The Avian Guild was just as willing to deliver communiques sent between Circle of the Paw Gibborim as they were to deliver those sent between Legion of Mischief brigands. This annoyed some of the Gibborim, who wondered why the Avian Guild constantly failed to "do the right thing" and stop delivering the messages of so-called thieves and criminals. But, despite the controversy, the Avian Guild kept to their founding credo that "communication lays the egg of peace" and refused to change their ways, delivering messages quickly across the animal kingdom, no matter the source. For Misha, there was simply no better alternative for communicating with her Circle of the Paw comrades with the speed and accuracy that she needed.

"Understood," the robin replied. "Is this message going to just the local phalanx or should I pack for a longer trip?"

"Just Commander Lupo."

"Okay. I am ready for your message." The robin stared off into the distance in order to focus on remembering the precise wording of the message he would be transcribing. For a brief tailwag, Misha admired the training that Alaric must have gone through to become such an accurate messenger.

"To Commander Lupo, I request an..." Misha hesitated before deciding on what level of seriousness she would assign to the situation. "...urgent meeting, tomorrow night, after humans are asleep. At the Rittenhouse burrow."

"Anything else you want to add?"

Misha shook her head from side to side. While it was protocol to organize meetings by way of the Avian Guild, it was unwise to broadcast the topics of those meetings by the same method. Even in dire situations, one never knew who was listening to a message being memorized. Furthermore, despite their impeccable reputation, the Avian Guild was made up of living, feeling, creatures that could be captured and forced to reveal the contents of their memories to a nefarious force. It was safer to preserve the sensitive business of a secret order for face-to-face meetings.
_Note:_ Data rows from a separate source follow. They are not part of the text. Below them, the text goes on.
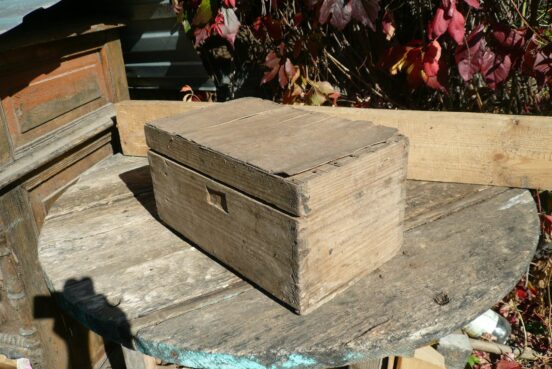 Старинный сундучок, малый. Неокрашен. Размеры: 39/23.5/20 см. (высота дана с учётом ножек) Бока корпуса и крышки — массив (пазы входят…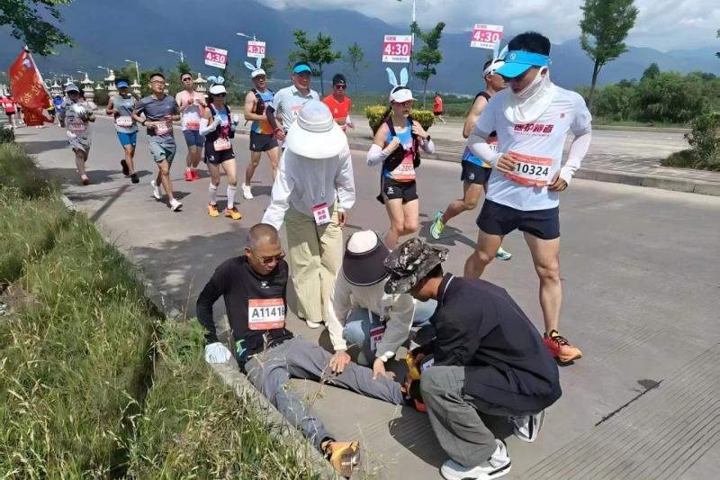 赛事当天,志愿者们早早地来到各自的岗位。开元志愿者作为医疗组志愿者,细心做好赛道观察和应急处理准备,确保选手安全;凭借专业知识,及时发现选手的异常状态,为肌肉酸痛的选手进行简单按摩放松,缓解疲劳,确保选手能以相对良好的状态继续比赛。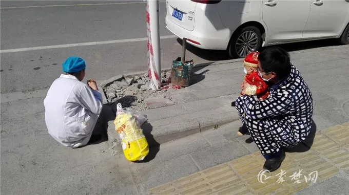 19日中午,郧西店子镇卫生院女护士江世娥乘救护车从郧西店子镇转运一脑梗病人到郧西县人民医院,途经家门不能回家,在路边蹲地吃婆婆煮的饺子,丈夫和9个月大的儿子两米外相望的泪目场景。
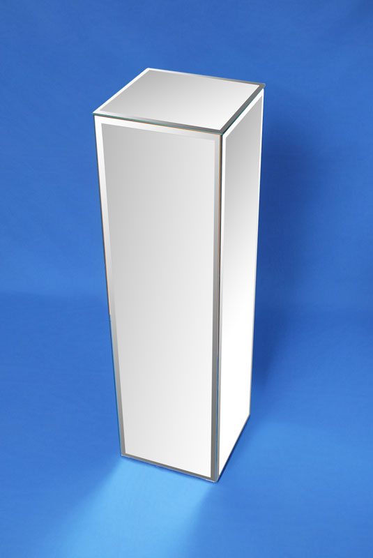 MIRRORED GLASS PEDESTAL: Beveled glass sides and top. 36'' x 10 1/2'' square.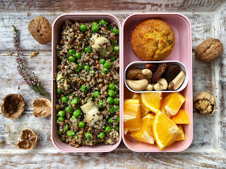 Per la merenda un muffin senza glutine (ricetta qui), un’arancia e frutta secca.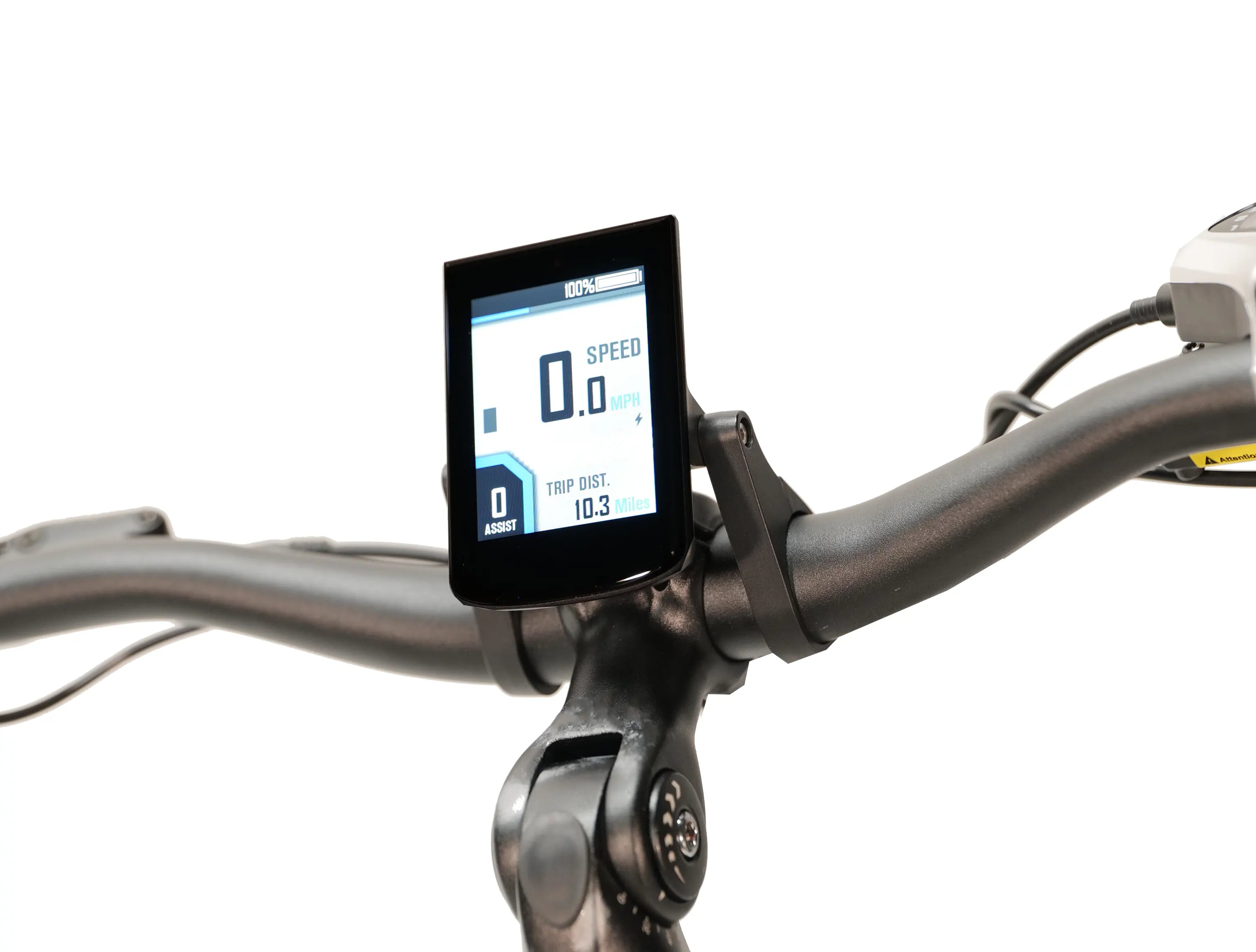 Experience the ultimate in e-bike control with the Ariel Rider Kepler's Smarter Display. This advanced display allows you to easily monitor your speed, battery life, and more while you ride. With intuitive controls and a sleek, modern design, comes great functions such as bluetooth connectivity, USB port and over-air updates.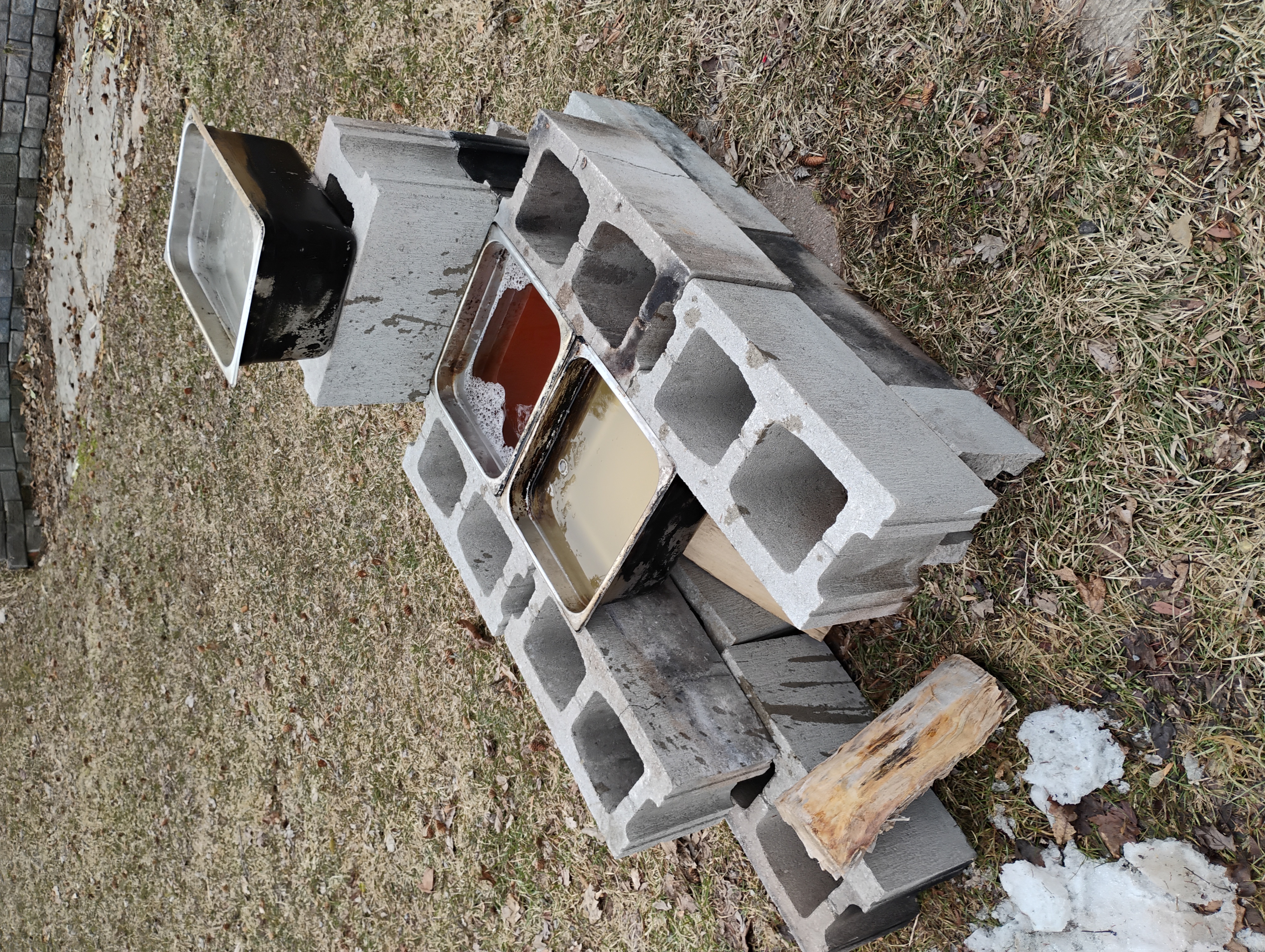 This was pared down from last year due to a bunch of my cinder blocks breaking, and me being too cheap to buy more with how short the season ended up (I boil on electricity in my garage if my trees produce less than 15L/day).  Last year it was more of a j tube rocket design and definitely boiled faster.

"Message acknowledged. What is the password to message the phalanx commander?"

"Can't you let it glide this one time? Just for me?" Misha smiled and wagged her tail at the songbird.

"I still need a password, Mish. Even from you."

"Aww, Fire Hydrants." Misha cussed and looked away, trying to jog her memory.

She always struggled to remember the passwords that the Circle of the Paw had implemented in their dealings with the Avian Guild. The Circle of the Paw's Pedigreed Council had started requiring them from the Avian Guild as a way to prevent imposters or enemies from messaging Gibborim and tracking down their locations by following the birds. These safety regulations were also the reason why a captain could only know the passwords to contact their phalanx commander, the other captains, and their subordinates, but not the entire city's Gibborim. If one captain was captured or turned out to be a spy, it would prevent an enemy from wiping out the entirety of a city's Gibborim.

"Athalia?" Misha sheepishly offered. It was the name of the first Circle of the Paw Gibbor in Philadelphia; a Great Dane who arrived with the city's human founder.

"Password accepted," the robin acknowledged with a smile. "I estimate I'll be able to get the word out before sun up. It's a local route, after all."

"Thank you, Alaric." Misha wagged her tail. With that, the robin took off.

If we can mobilize by tomorrow night, we might have a chance at catching up with Akhi, Misha thought to herself. She pawed at the ground in worry before heading back inside.